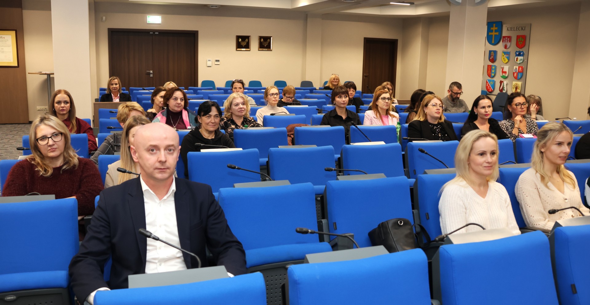 Spotkanie dedykowane było pracownikom socjalnym, asystentom rodziny, pedagogom. Na konferencji obecni byli także przedstawiciele Zespołu koordynującego realizację Programu Ochrony Zdrowia Psychicznego Powiatu Kieleckiego na lata 2024- 2030.
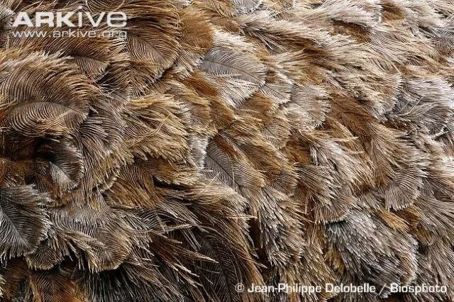 相比较可以飞行的鸟类,鸵鸟的翅膀格外小,但在它们高速奔跑时,可以辅助改变方向。由于鸵鸟丧失飞行能力,羽毛并不发达,羽枝上无小钩,因而不形成羽片,但羽毛也因此格外蓬松柔软。
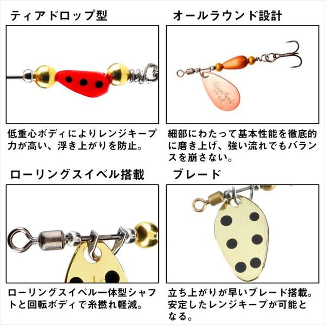 基本性能の徹底。立ち上がりの早い、トラブルレススピナー。スピナーは「投げて巻く」、これだけでとにかく釣れる。シンプルであるがゆえに、ルアーの基本性能は誤魔化しがきかず大切になる。シルバークリークスピナーはこの基本性能を徹底的に見直した。細部にわたって基本性能を徹底的に磨き上げ、強い流れでもバランスを崩さないオールラウンド設計。ローリングスイベル一体型シャフトと中通しの回転するボディにより糸ヨレ軽減。
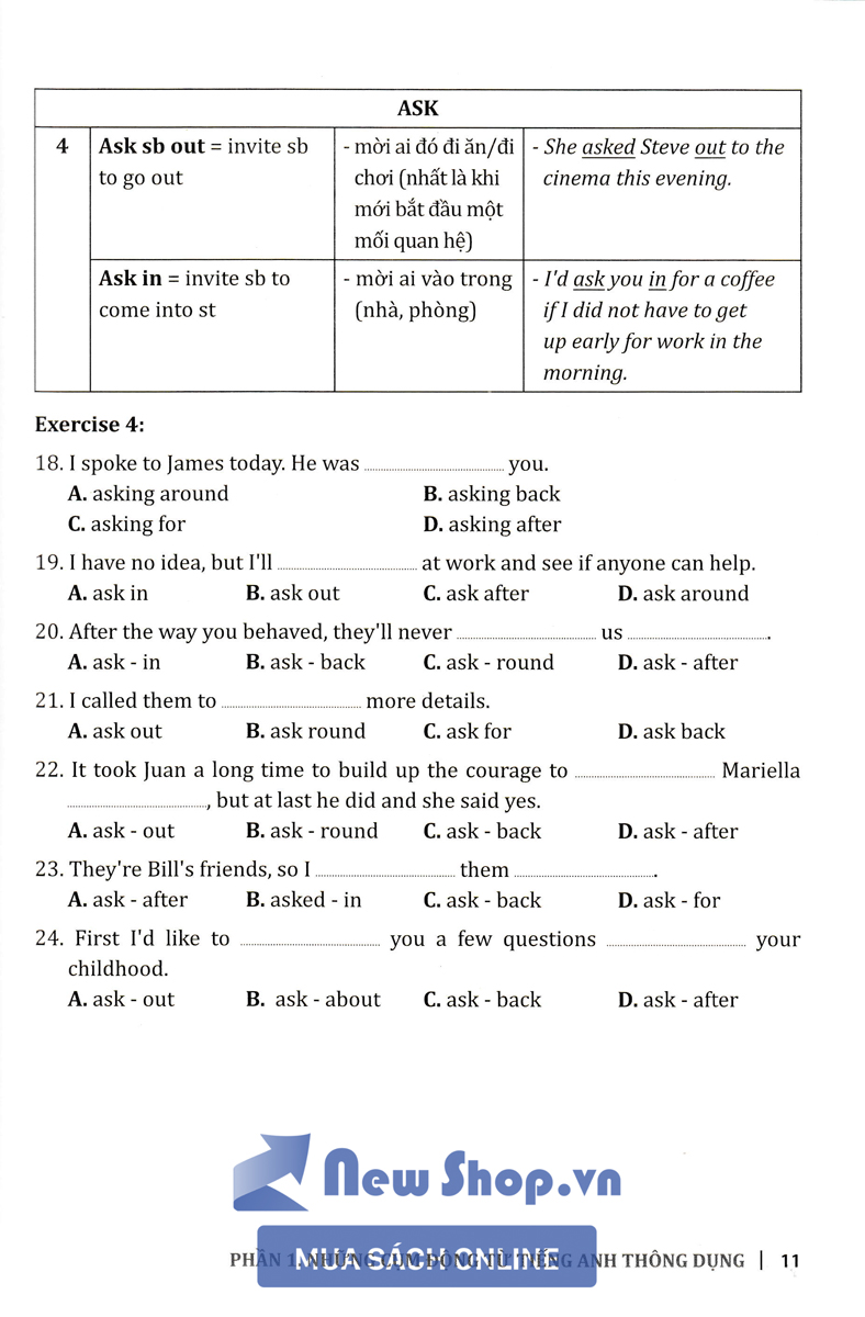 3000 ngữ động từ tiếng Anh và cách dùng Ngữ động từ là sự kết hợp của các động từ thường như put, take, come và go với các tiểu từ như in, out, on
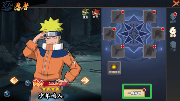将普通装备合成升级至下忍、中忍、上忍等,也可以快速提高装备的各属性。
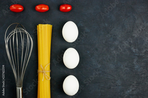 background, cookery, dry, food, italian, pasta, rustic, cherry, cooking, egg, dinner, fresh, ingredient, italy, mediterranean, uncooked, table, tomatoes, view, wooden, board, spaghetti, top, black, cheese, flour, epicure, spice, traditional, wheat, noodle, dark, group
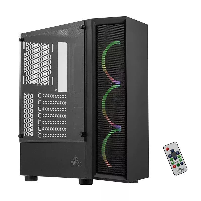 Yeyian YCH-ATAB-01BK. Factor de forma: Midi Tower, Tipo: PC, Color del producto: Negro. Ubicación de fuente de alimentación: Fondo. Ventiladores frontales instalados: 3x 120 mm, Diámetro de ventiladores frontales soportados: 120,140 mm, Diámetro de ventiladores traseros soportados: 120 mm. Tamaños de disco duro soportados: 2.5,3.5". Ancho: 200 mm, Profundidad: 390 mm, Altura: 446 mm
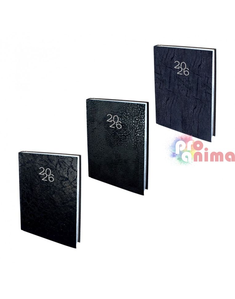Начало Канцеларски материали Бележници, тефтери, органайзери Бележник с дати 2026, 14 х 20 cm, твърда корица черен набук, сребърна порезка, 168 л., в кутия
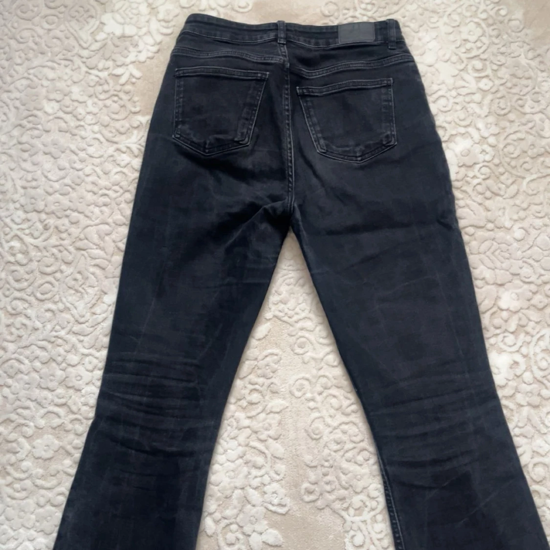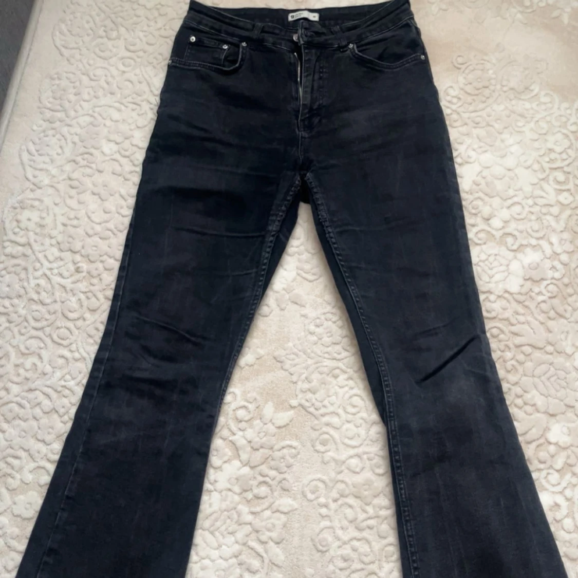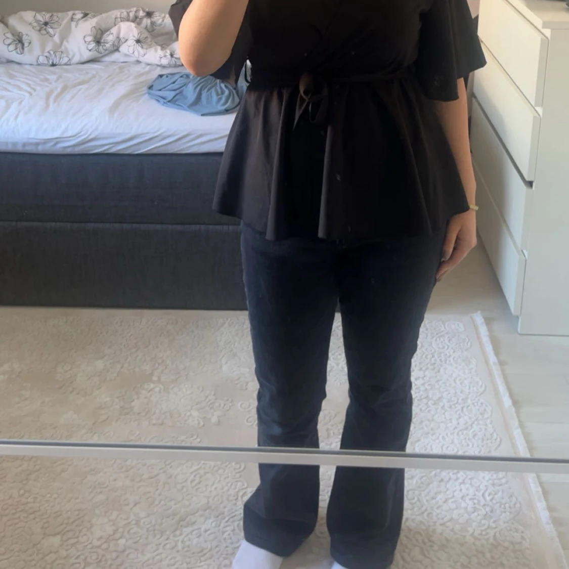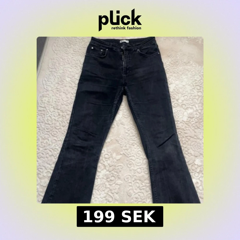Säljer ett par svarta bootcut jeans med klassisk femficksdesign. Jeansen har en snygg mörk tvätt och sitter tajt upptill med utsvängda ben. Perfekta för dig som gillar en tidlös och cool look. Jeansen är mid-waist.
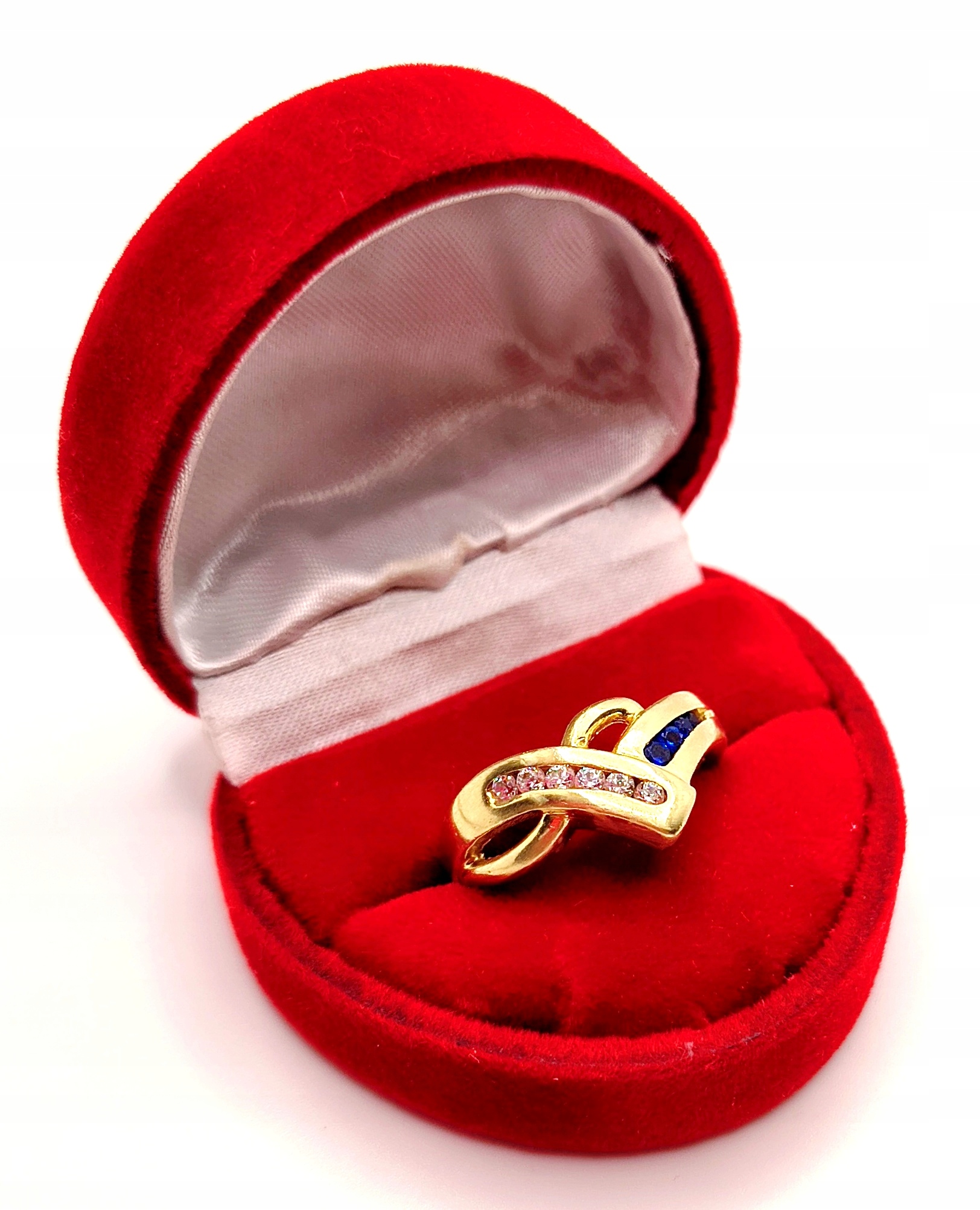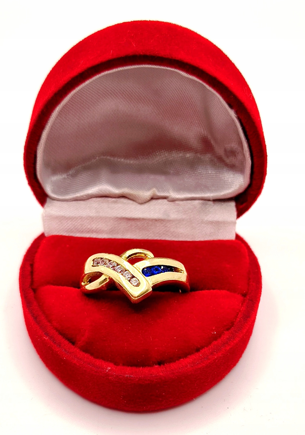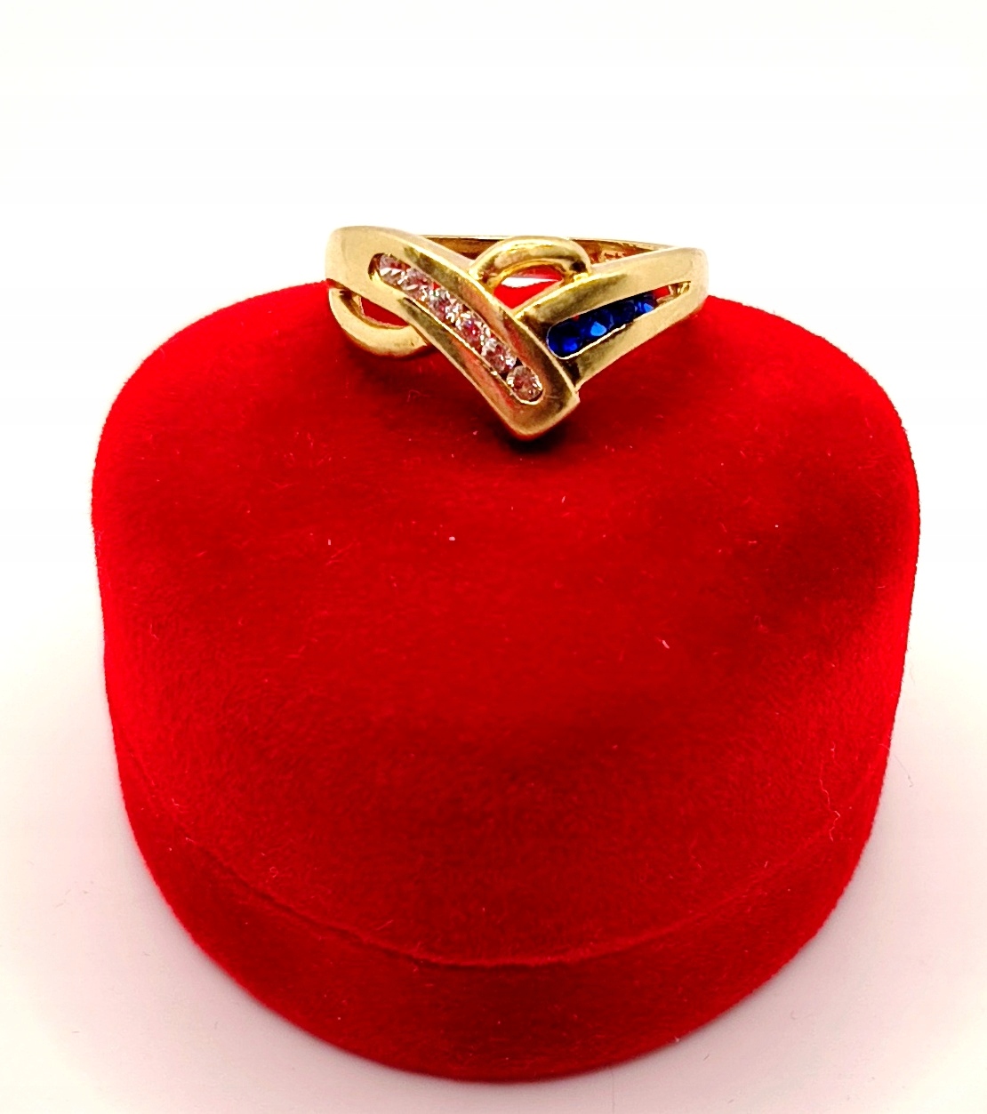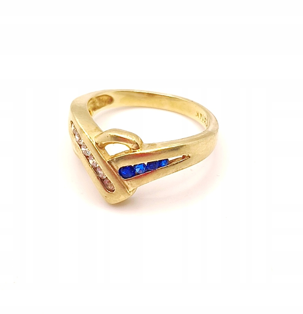 W ofercie na sprzedaż mamy dla Państwa piękny, złoty pierścionek ozdobiony białymi i szafirowymi cyrkoniami.

**Task details**
Retype everything in the material word for word, minus pictures.

**Written response**
 Spotkanie dedykowane było pracownikom socjalnym, asystentom rodziny, pedagogom. Na konferencji obecni byli także przedstawiciele Zespołu koordynującego realizację Programu Ochrony Zdrowia Psychicznego Powiatu Kieleckiego na lata 2024- 2030.
 相比较可以飞行的鸟类,鸵鸟的翅膀格外小,但在它们高速奔跑时,可以辅助改变方向。由于鸵鸟丧失飞行能力,羽毛并不发达,羽枝上无小钩,因而不形成羽片,但羽毛也因此格外蓬松柔软。
 基本性能の徹底。立ち上がりの早い、トラブルレススピナー。スピナーは「投げて巻く」、これだけでとにかく釣れる。シンプルであるがゆえに、ルアーの基本性能は誤魔化しがきかず大切になる。シルバークリークスピナーはこの基本性能を徹底的に見直した。細部にわたって基本性能を徹底的に磨き上げ、強い流れでもバランスを崩さないオールラウンド設計。ローリングスイベル一体型シャフトと中通しの回転するボディにより糸ヨレ軽減。
 3000 ngữ động từ tiếng Anh và cách dùng Ngữ động từ là sự kết hợp của các động từ thường như put, take, come và go với các tiểu từ như in, out, on
将普通装备合成升级至下忍、中忍、上忍等,也可以快速提高装备的各属性。
 background, cookery, dry, food, italian, pasta, rustic, cherry, cooking, egg, dinner, fresh, ingredient, italy, mediterranean, uncooked, table, tomatoes, view, wooden, board, spaghetti, top, black, cheese, flour, epicure, spice, traditional, wheat, noodle, dark, group
 Yeyian YCH-ATAB-01BK. Factor de forma: Midi Tower, Tipo: PC, Color del producto: Negro. Ubicación de fuente de alimentación: Fondo. Ventiladores frontales instalados: 3x 120 mm, Diámetro de ventiladores frontales soportados: 120,140 mm, Diámetro de ventiladores traseros soportados: 120 mm. Tamaños de disco duro soportados: 2.5,3.5". Ancho: 200 mm, Profundidad: 390 mm, Altura: 446 mm
Начало Канцеларски материали Бележници, тефтери, органайзери Бележник с дати 2026, 14 х 20 cm, твърда корица черен набук, сребърна порезка, 168 л., в кутия
Säljer ett par svarta bootcut jeans med klassisk femficksdesign. Jeansen har en snygg mörk tvätt och sitter tajt upptill med utsvängda ben. Perfekta för dig som gillar en tidlös och cool look. Jeansen är mid-waist.
 W ofercie na sprzedaż mamy dla Państwa piękny, złoty pierścionek ozdobiony białymi i szafirowymi cyrkoniami.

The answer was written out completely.